Microglia are immune cells. They're not even brain cells. They’re actually born outside of the fetus, in the yolk sac. And then they come in very early and they colonize the brain, and become these resident immune cells of the brain.

👀 Watch microglia move in the brain 👇

Even though they're immune cells - cells that are supposed to be involved in injury, disease and inflammation - it seems that they have normal roles in the healthy brain.

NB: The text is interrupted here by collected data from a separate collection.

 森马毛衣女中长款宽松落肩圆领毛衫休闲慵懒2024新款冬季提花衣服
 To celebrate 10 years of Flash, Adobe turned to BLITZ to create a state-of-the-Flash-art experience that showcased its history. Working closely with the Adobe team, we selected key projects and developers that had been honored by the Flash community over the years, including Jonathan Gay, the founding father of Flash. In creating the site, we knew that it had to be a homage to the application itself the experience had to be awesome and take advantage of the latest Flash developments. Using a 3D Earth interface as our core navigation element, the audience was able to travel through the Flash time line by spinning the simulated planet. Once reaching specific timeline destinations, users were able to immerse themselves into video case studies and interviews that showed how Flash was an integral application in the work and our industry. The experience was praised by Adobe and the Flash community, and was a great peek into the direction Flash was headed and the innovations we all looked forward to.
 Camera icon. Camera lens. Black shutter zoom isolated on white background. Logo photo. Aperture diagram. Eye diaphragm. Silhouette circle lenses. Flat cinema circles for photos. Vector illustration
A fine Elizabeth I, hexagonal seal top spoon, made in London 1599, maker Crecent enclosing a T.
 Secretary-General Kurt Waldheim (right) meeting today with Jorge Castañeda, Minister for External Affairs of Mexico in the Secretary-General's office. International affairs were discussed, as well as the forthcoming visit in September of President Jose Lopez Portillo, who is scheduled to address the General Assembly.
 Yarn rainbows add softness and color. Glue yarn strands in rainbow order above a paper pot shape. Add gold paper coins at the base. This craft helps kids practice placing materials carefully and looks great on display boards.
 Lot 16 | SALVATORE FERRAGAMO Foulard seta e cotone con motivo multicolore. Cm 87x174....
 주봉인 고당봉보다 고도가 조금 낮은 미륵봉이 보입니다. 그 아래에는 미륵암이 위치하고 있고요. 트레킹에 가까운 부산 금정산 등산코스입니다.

In fact, they are constantly moving. They're beautiful. They’re dynamic. And they're constantly touching these points of connections between neurons. What’s happening when they do that, is that they are helping the brain learn and constantly remodel these neural networks.

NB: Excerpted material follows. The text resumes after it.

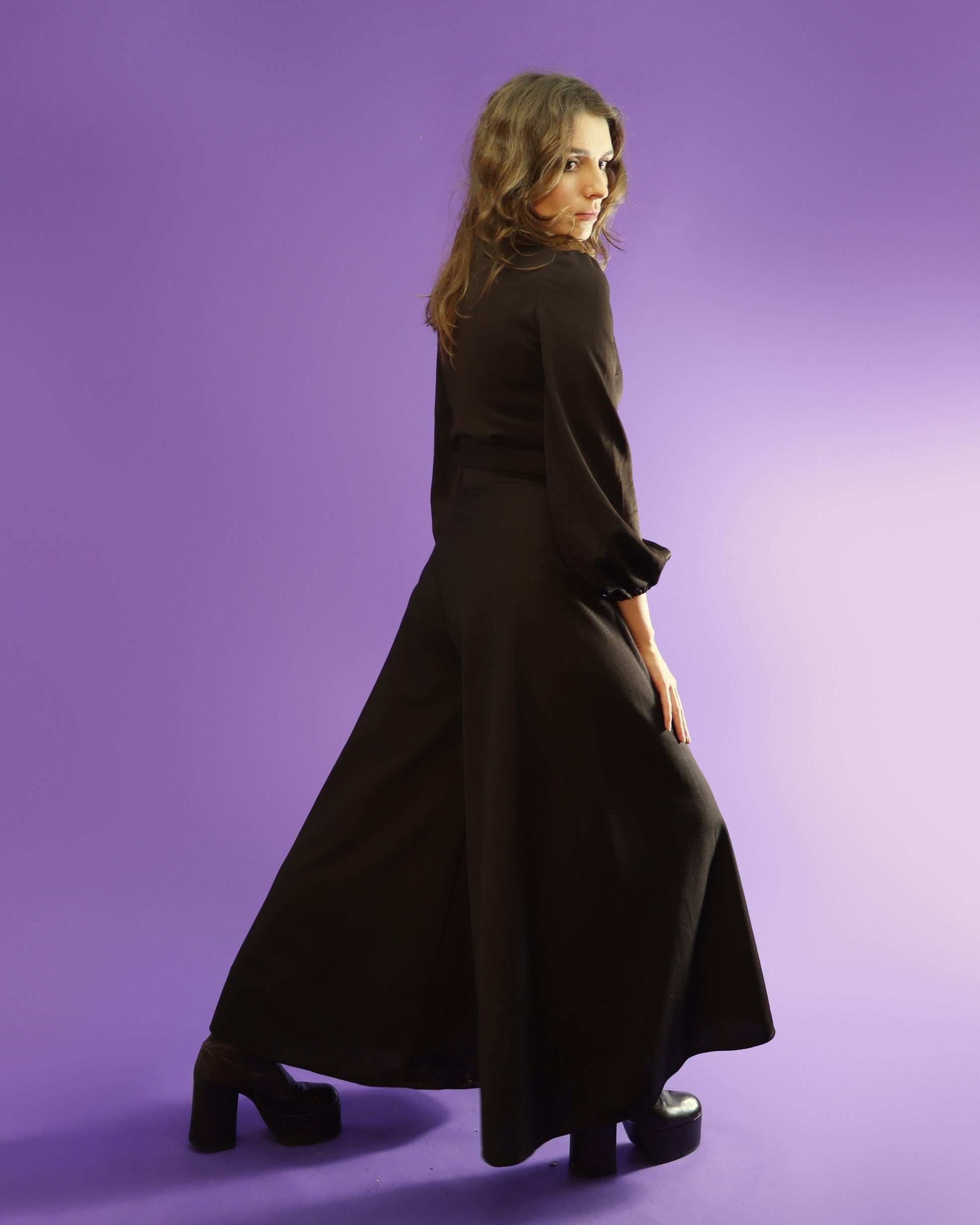 Vintage 1970s Chocolate Brown Palazzo Pant Suit Wide Leg Flares Balloon Sleeve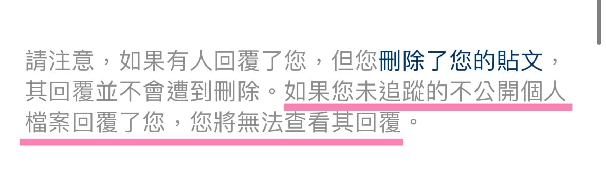 大家有碰到這個狀況嗎?明明串文下方寫9則回覆,為什麼下滑檢視只看到6則?官方解答:如果你沒有追蹤對方,對方的檔案又設定為「不公開」,這樣就無法看到他的留言哦~

Brain Plasticity and Remodeling

It blows my mind that I can look at these deep brain structures and connections that are smaller than a micron. I can see a structure, and two hours later that structure’s gone. The whole connection is gone. Those two neurons are no longer talking to one another.

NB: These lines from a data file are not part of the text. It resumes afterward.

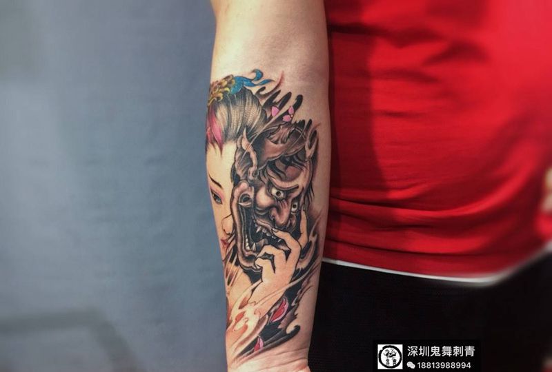 当前位置: 首页 >广东省深圳市纹身店-深圳鬼舞刺青工作室纹身图案>包小臂艺妓纹身图片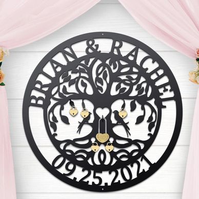 In a touching unity ceremony, the bride and groom fasten a padlock to a beautifully designed board, symbolizing their commitment to each other. Engraved with their names and wedding date, this lock represents their bond as they start their journey together. If they choose to have a family in the future, they plan to add locks for their children, creating a lasting symbol of love. This option allows them to celebrate their growing family, if they decide to embrace that path, while also honoring their unique journey together.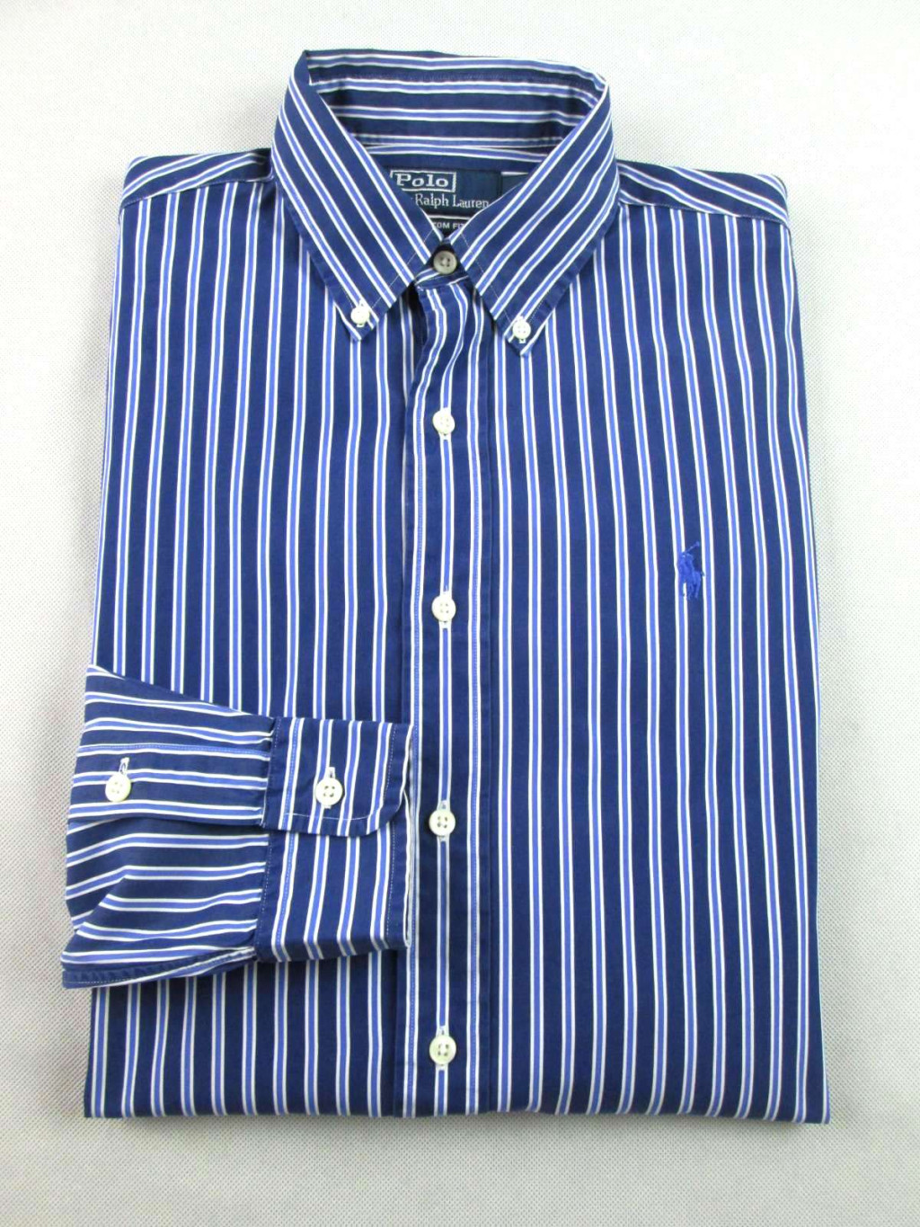 RALPH LAUREN FÉRFI (S) ELEGÁNS FEHÉR-SÖTÉTKÉK CSÍKOS HOSSZÚ UJJÚ ING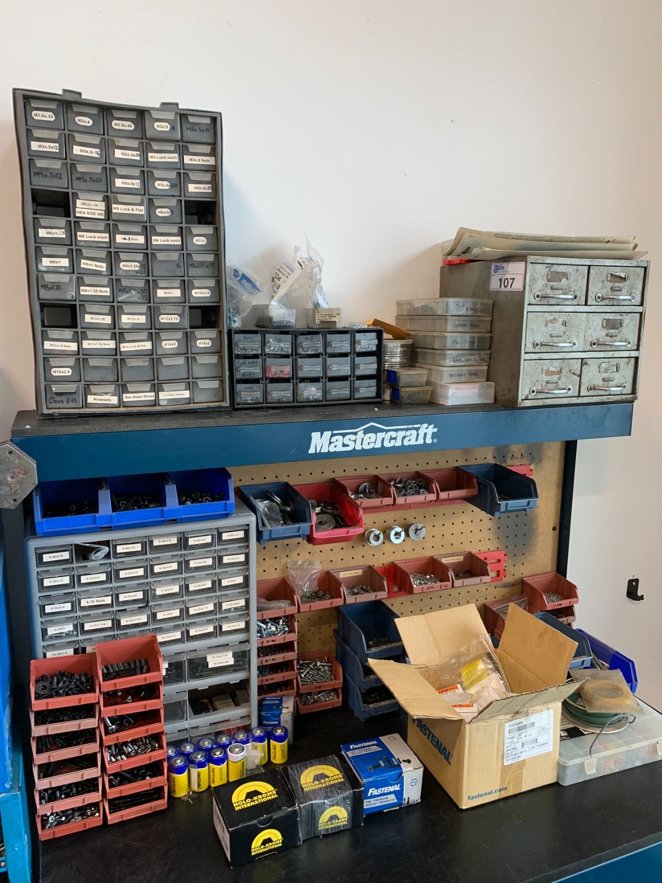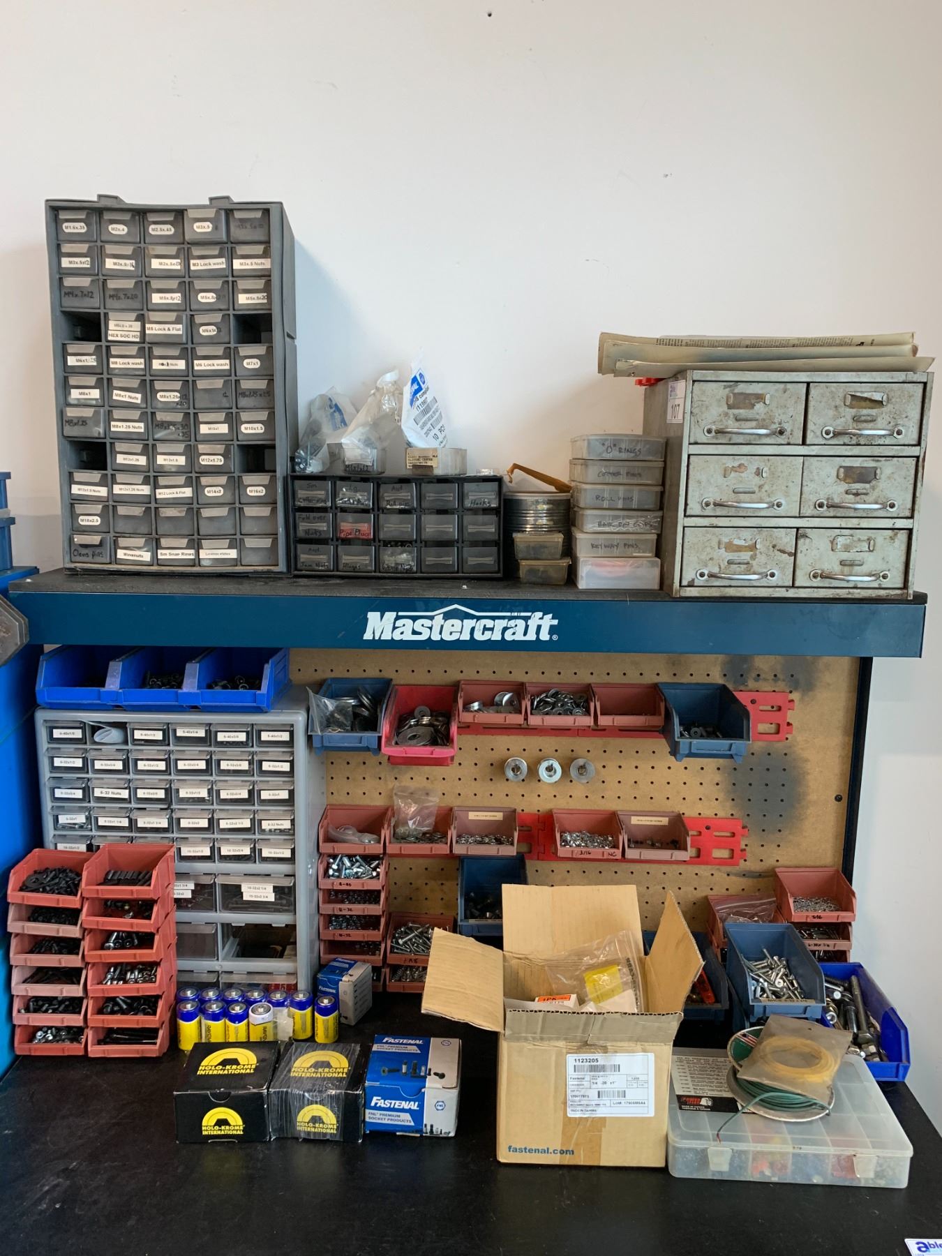 LARGE GROUP OF PARTS ORGANIZERS WITH LARGE QUANTITY ASSORTED FASTENERS, HARDWARE & MORE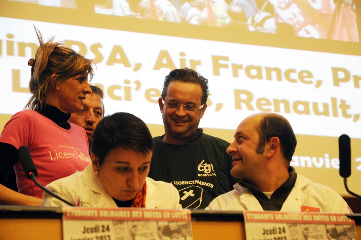 Meeting pour la convergence des luttes avec des représentants dentreprises menacés par des suppressions demplois, Sanofi, PSA, Goodyear, 3 Suisses, Virgin, Renault, Air France, Presstalis. 24janvier 2013 Paris
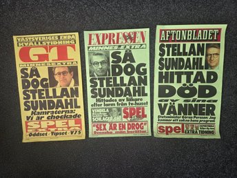 Löpsedlar STELLAN SUNDAHL Död Programledare & komiker SVT 23 februari 1999.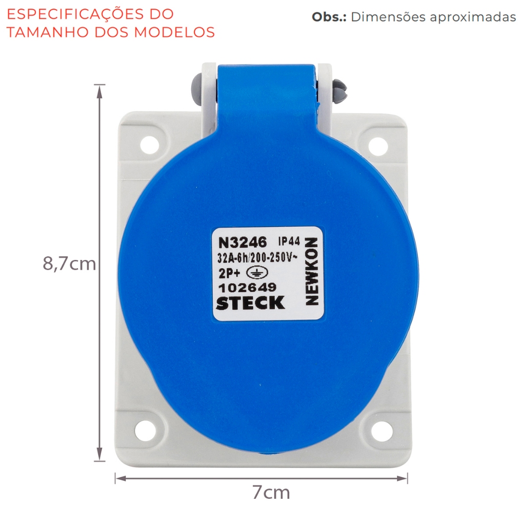 Tomada Femea Embutir Newkon 32A 220/240V 2P+T 3 Pinos 6H Azul Industrial P/ Paineis Elétricos Steck

👀 Watch as microglia react to an injury 👇

Those connections have really impressive, molecular infrastructure in them. They're complicated. It's not easy to build one, but the brain is constantly building and destroying them as a way to change the way the neurons talk to one another, and to build, modify and rebuild neural networks.

Why This Matters

Changes in the way neurons communicate are crucial to brain function, including development, learning and aging. Defects in this neuronal plasticity underlie many neurological disorders, such as autism, epilepsy and Alzheimer’s disease.”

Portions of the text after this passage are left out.